Horizontal bipartate patella

A twelve-year-old male football player presented with an acute onset of anterior knee pain. He described experiencing pain when he jumped to head a ball. This did not immediately seem too bad and he was able to continue. After about 5-10 minutes however he asked to be substituted as his knee had become more painful. Two weeks later his knee remained painful, but was improving. His main positive finding was of localised tenderness about the patella and patella tendon. His extensor mechanism was intact (he could straight leg raise without any problems), there was no effusion and there was an otherwise normal knee examination.

X-ray images show a bipartite patella with a transverse synchondrosis at the junction of the proximal two thirds and distal third. The MRI shows only mildly increased signal intensity adjacent to the deep aspect of the synchondrosis. The synchondrosis itself appears intact with no separating fluid cleft, fracture or other abnormality. The patellofemoral articular cartilage appears preserved. An x-ray of the contralateral (asymptomatic) knee was normal with no evidence of a bipartate patella.

This young player was initially managed with a two-week period in a knee brace. At this stage his tenderness had improved and he could walk without pain.
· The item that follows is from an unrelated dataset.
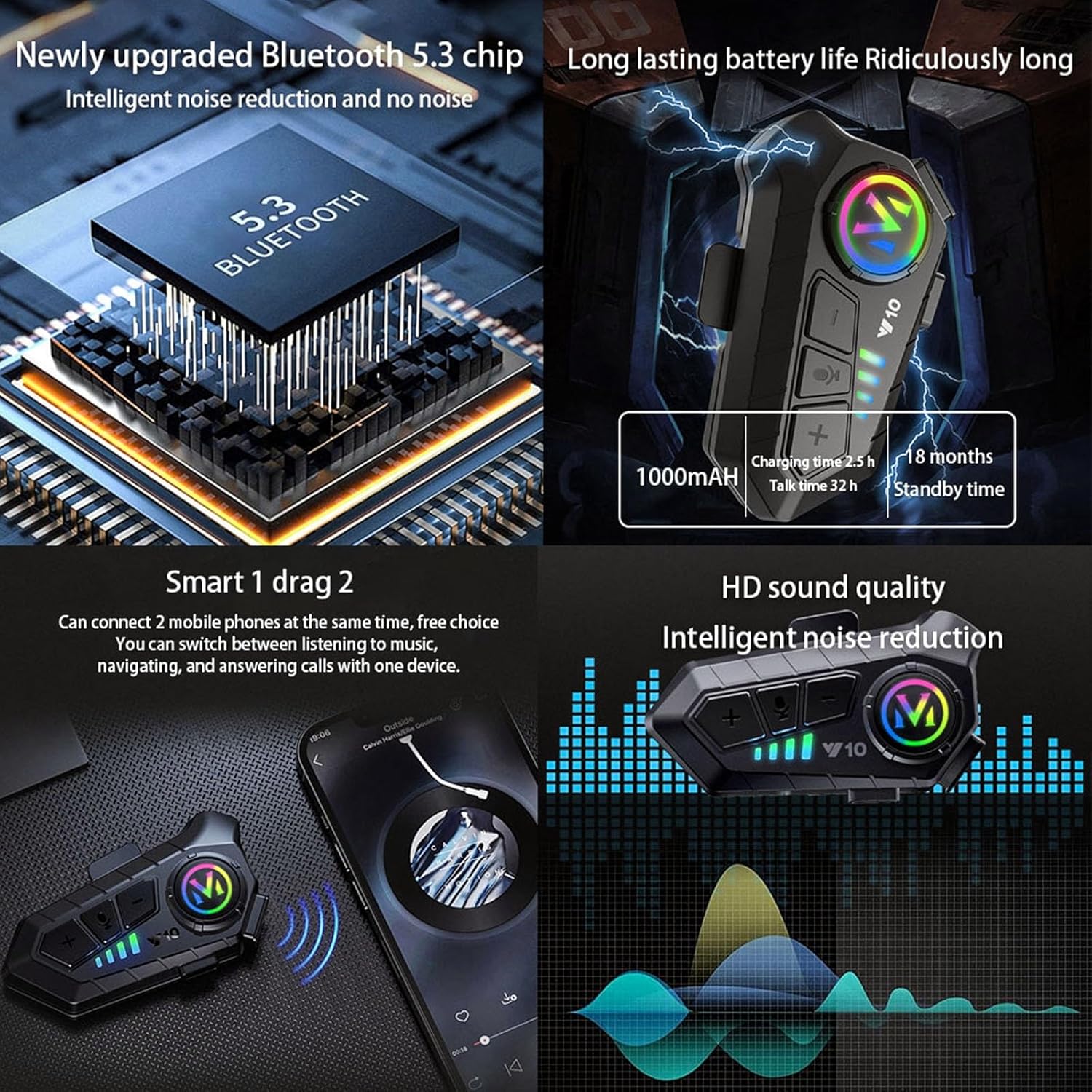 Bluetooth + Микрофон Откидной передний шлем для мотоцикла с Bluetooth Встроенный Bluetooth Чип Bluetooth 5.3, интеллектуальное шумоподавление, сверхдлительное время автономной работы, большая емкость 1000 мАч, 20 минут зарядки, 3 часа автономной работы, 18 месяцев в режиме ожидания 32 часа непрерывного воспроизведения. Smart 1-to-2, может подключать 2 мобильных телефона одновременно. Вы можете переключаться между прослушиванием музыки, навигацией и приемом звонков с помощью одного устройства. Глубоко водонепроницаемый.

He avoided running based training for a further four weeks. He was able to return to football without restriction by 10 weeks post-injury.
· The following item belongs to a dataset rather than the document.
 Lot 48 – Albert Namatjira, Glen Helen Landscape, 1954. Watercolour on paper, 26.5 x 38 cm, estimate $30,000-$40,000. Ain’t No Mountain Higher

A bipartite patella (two-part patella) is a patella with an unfused accessory ossification centre. The majority of these involve the superolateral aspect (approximately 75% of cases) or the lateral margin (20-25% of cases). The inferior pole is involved less than 1% of the time. A bipartate patella is frequently an incidental finding and generally has no clinical relevance. When symptomatic, there is generally localised tenderness directly over the synchondrosis. In the majority of cases, a symptomatic bipartite patella improves without surgery. In our clinic, excision of the small fragment is rarely done and often is unrewarding.